Elected in 1948, Margaret Chase Smith had coasted to reelection in 1954 and now sought a third term. Political observers predicted another easy victory. They didn't know the Democrats were planning a surprise. Maine's junior senator, Edmund Muskie (who had a very testy relationship with Smith), had carefully chosen the opposing candidate—Democratic state representative Lucia Cormier. The only way to beat Margaret Chase Smith, Muskie argued, was with another woman.

The Democrats' choice presented Smith with an interesting challenge. "I was so successful in overcoming the campaign argument that 'the Senate is no place for a woman,'" Smith confessed, "that I must have overdone it." Unlike Smith, Cormier was not nationally known, but she was a familiar face in Maine. A successful businesswoman and veteran state representative, Cormier became Democratic floor leader in Maine's state house of representatives in 1959. According to the Bangor News, she was the "most efficient, most sincere, and hardest-working" woman ever to grace the legislative scene.
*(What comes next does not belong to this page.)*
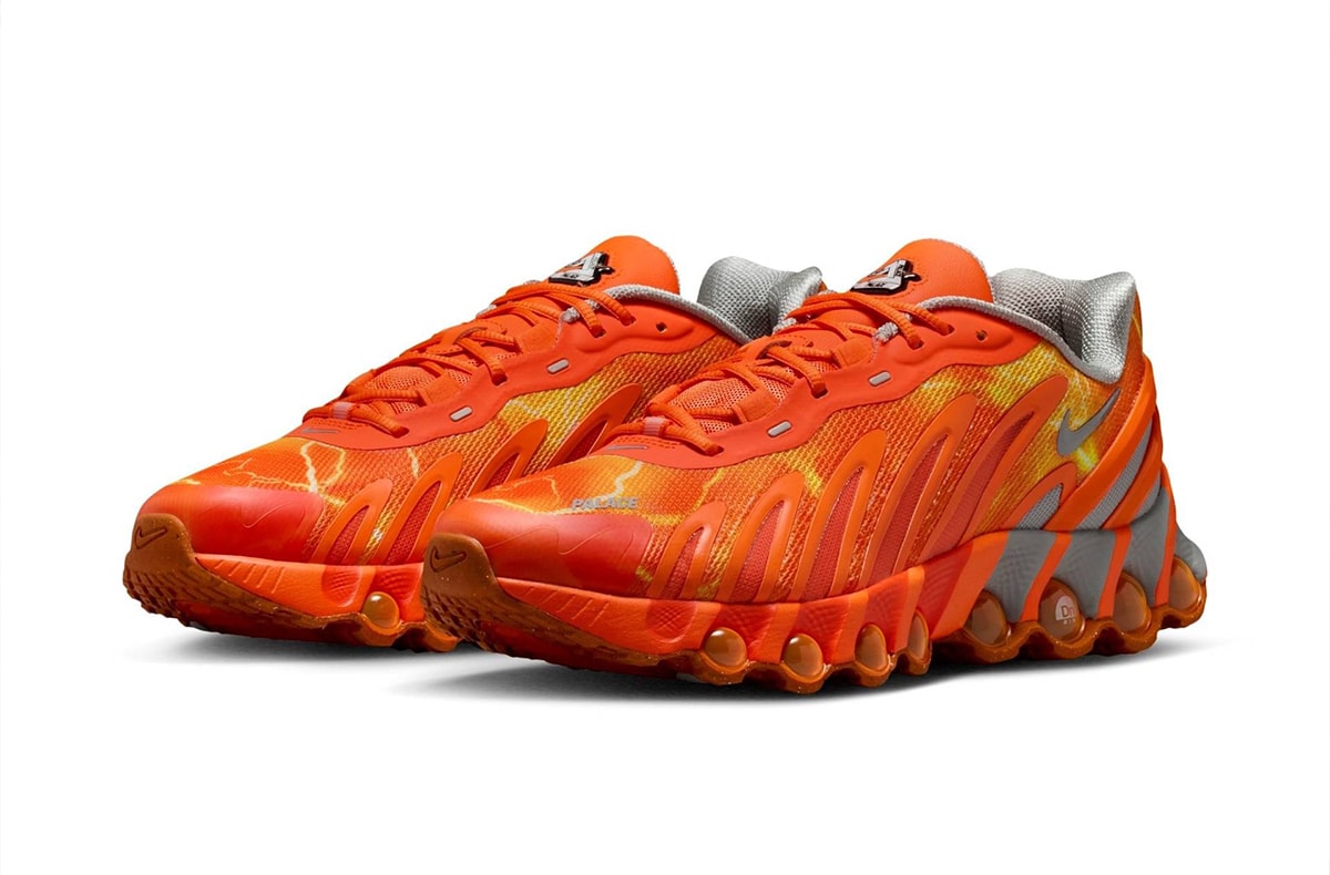 Known for their irreverent humor and deep reverence for 90s British subculture, Palace brings a striking visual update to Nike’s latest technology. The collaboration features an archive-inspired lightning bolt graphic covering the entire upper, creating a bold aesthetic that is instantly recognizable.

The historic contest gained national attention in February of 1960, when Senator Muskie personally launched Cormier's campaign. He escorted the Democratic candidate to the Senate Chamber, introduced her as "the next senator from Maine," and urged her to take a seat at one of the historic desks. Clearly, Smith complained, this was a breach of Senate etiquette. A media ruckus followed.

Despite the accomplishments of both women, news reporters frequently derided their qualifications. It was a contest of "widow" versus "spinster," declared the Los Angeles Times. Time magazine described Cormier as a "stocky, even-tempered spinster," while pundits portrayed Smith as a cranky shrew and predicted scenes of "hair-pulling" and "eye-scratching." We expect to see "a dramatic clashing of will and words," wrote a reporter for the Washington Post, "a real fur-flying political cat fight," since the Democrats have "nominated a scrappy ex-school teacher . . . to topple [the Senate's] snowy-maned, frosty-mannered Republican 'queen bee.'"

Ignored by the press was the fact that Smith and Cormier had known each other for years, had worked together in the National Federation of Business and Professional Women Clubs, and were determined to run serious campaigns. Smith remained mostly quiet to avoid any controversy that might give her challenger visibility. "Don't trade a record for a promise," she told voters. Two days before the November 8 election, the women faced off in a state-wide televised debate. Commentators urged Cormier to "slug it out" with Smith, but both candidates remained above the fray. They were "ladylike," Smith recalled, but not "powder puff."

Smith won the so-called "Petticoat Race." She took 62 percent of the vote, the highest winning percentage of any Senate Republican that year. Consequently, in January of 1961, following this historic, high-profile match-up, the defending champion returned to the Senate stronger than ever.